FW: The Birthers Live On

Justin Elliott tracks this ridiculous "Obama is a Muslim" video:

There is no evidence presented that this Egyptian interview ever happened. And the YouTube video itself (which was apparently put up not by Lipkin, but by one of his fans) could well be the product of a lone conspiracy theorist. Which makes it all the more remarkable that it has racked up 2.5 million views.

The referral data accompanying the video shows that it has been overwhelmingly viewed in the United States and has circulated primarily through email (the main referral domain is mail.yahoo.com), rather than, say, right-wing blogs.

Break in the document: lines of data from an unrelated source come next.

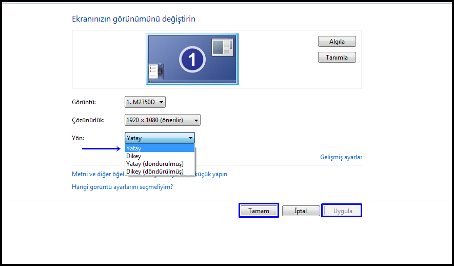 ekran yonunu ayarlamak ekraniniz
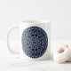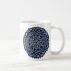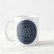 Ein spitz-artiges kreisförmiges Mandala in hellblau mit leuchtend blauen und goldfarbenen sternähnlichen Punkten, die zwischen den Schichten verstreut sind, sorgt für einen Spaß, ein Design, das an einen sternenförmigen Nachthimmel erinnert. Weitere Tasse und Stile sind erhältlich, wie z.B. Reisebügel und Steine.
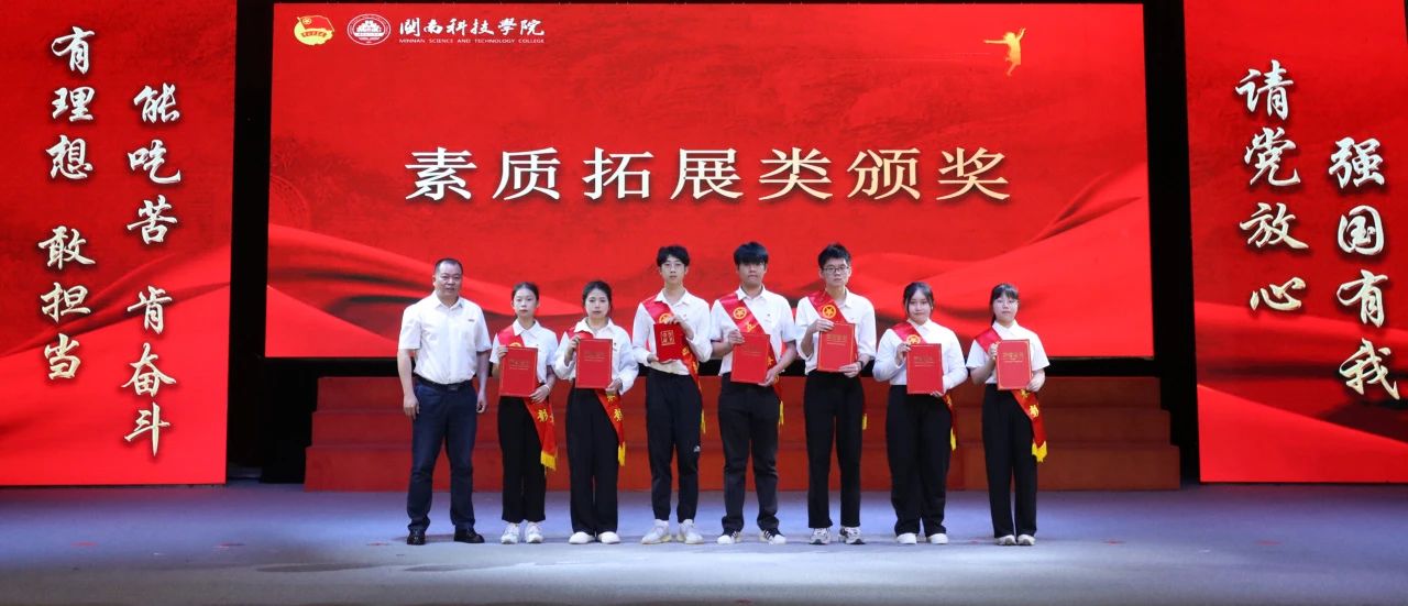 随后,大会分组织建设篇,学风建设篇、校园文化篇,素质拓展篇,实践服务篇等四个篇章为受表彰集体和个人颁奖。

This is a true viral video.

The Landscape Of Morality In Economics

Interfluidity addresses it:

Individual human beings act against their material interests all the time, providing full employment for economists who endlessly study the "ultimatum game". Political choice combines diffuse personal costs with powerful moral signifiers. We should expect politics, including the politics that determines economic policy, to be dripping with moralism. And sure enough, it is! This doesn’t mean that policy outcomes are actually moral. (There’s a hypothesis we can falsify quickly.) But exhortations to policy that cannot survive in terms of moral framing are nullities.

The Republican Wonk Exodus, Ctd

Drum wants to understand why the GOP is losing the intellectual elite:

[M]y guess is that this is primarily a reaction to social conservatism. Students at top universities just can't stomach the anti-gay, anti-feminist, anti-civil rights, anti-religious-tolerance attitude of the current GOP. But Andresen's conjecture about "policy positions that do not make logical sense" may have something to it too. In the mid-70s, for example, liberal interest groups engaged in their own version of magical thinking by pushing hard for the passage of the Humphrey-Hawkins full employment act, which essentially tried to mandate low unemployment by fiat.

Jimmy Carter eventually managed to water it down into a purely symbolic piece of legislation, but the sheer spectacle of liberal lunacy on display for months on end probably turned off a lot of smart students. Liberals eventually learned their lesson on this score — overlearned it, in fact — but their place in the magical thinking department was immediately taken over by supply-side Republicans, who have gotten ever more hardened and ever balmier during the past couple of decades.

Why Did You Vote?

I_Voted_JimWatsonGetty

Ryan Enos and Anthony Fowler find that most people vote to "receive extrinsic benefits from voting that are unrelated to the chances that their vote will actually matter":

Americans vastly overestimate the chances that their vote will make a difference. Our median respondent felt that there is a 1 in 1000 chance that their vote could change the outcome of a Presidential election, missing the true chance by a factor of 10,000. However, this dramatic overestimation does not explain the prevalence of turnout, because those who actually vote know that this probability is low. Over 40% of regular voters know that the chances of a pivotal vote are less than 1 in a million. Amazingly, turnout is negatively correlated with the perceived chances that one vote will make a difference—meaning the less likely you are to think your vote will actually matter, the more likely you are to vote.

… If forced to think about it, most voters know that they won’t change an election result; but they don’t care. They benefit from voting, regardless of the electoral outcome. Voters enjoy wearing stickers, expressing their views, fulfilling their civic obligation, and earning the right to complain. For them, that’s reason enough.